Беллатрикс была склонна к самоанализу не больше, чем кирпичная стена. Копание в ее мотивах и ненужные вопросы сломали бы их неожиданное перемирие и вернуло бы взаимодействие на уровень льда и агрессии.
Однако Гермиона касалась менее острых тем. Она узнала, что любимый цвет Беллатрикс — черный (очевидно), что ведьма предпочитала жару холоду, и что более всего из качеств она ценила преданность. Легко было предположить подобное, ведь она имела дело с конкретным Пожирателем смерти. Это текло в ее венах. Вероятно, поэтому предательства сестер так сильно влияли на действия и мотивы женщины.
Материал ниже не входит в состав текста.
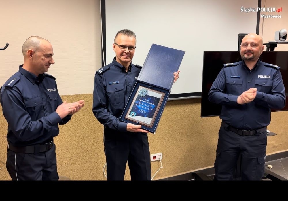 Podczas uroczystej zbiórki I Zastępca Komendanta Miejskiego Policji w Mysłowicach wraz z policjantami i pracownikami komendy pożegnał odchodzącego na emeryturę Eksperta ds. Kontroli podinsp. Jarosława Niziołka. Komendant Miejski Policji w Mysłowicach powierzył pełnienie obowiązków na tym stanowisku nadkom. Tomaszowi Kawala.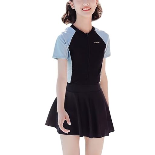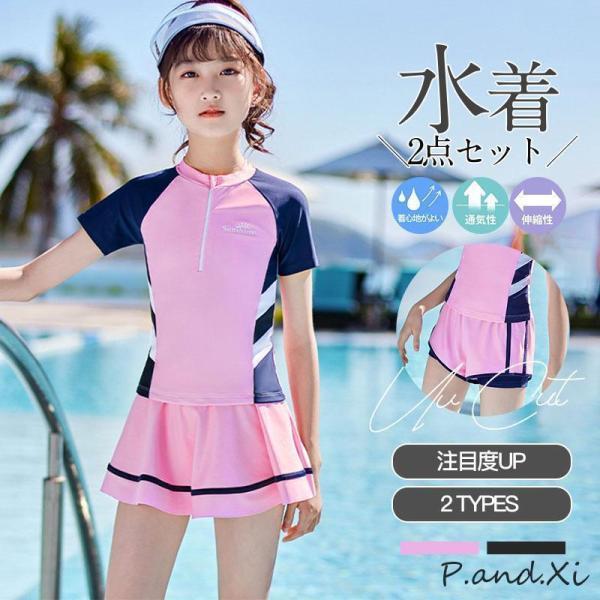 【スーパーSALE限定】キッズ 水着 女の子 ジュニア フィットネス水着 ラッシュガード セパレート スカート 2点セット 半袖 レディース 水遊び プール 海 体型カバー

Она также узнала, что больше всего Беллатрикс ненавидит дементоров. Этот факт всплыл на поверхность, когда Гермиона из любопытства задала вопрос Беллатрикс, перед этим наблюдая, как ведьма за день съела по меньшей мере с дюжину шоколадных конфет.
— Почему ты постоянно ешь конфеты? Не обижайся, но как тебе удается поддерживать талию, когда ты употребляешь их в таком количестве, — прокомментировала Гермиона.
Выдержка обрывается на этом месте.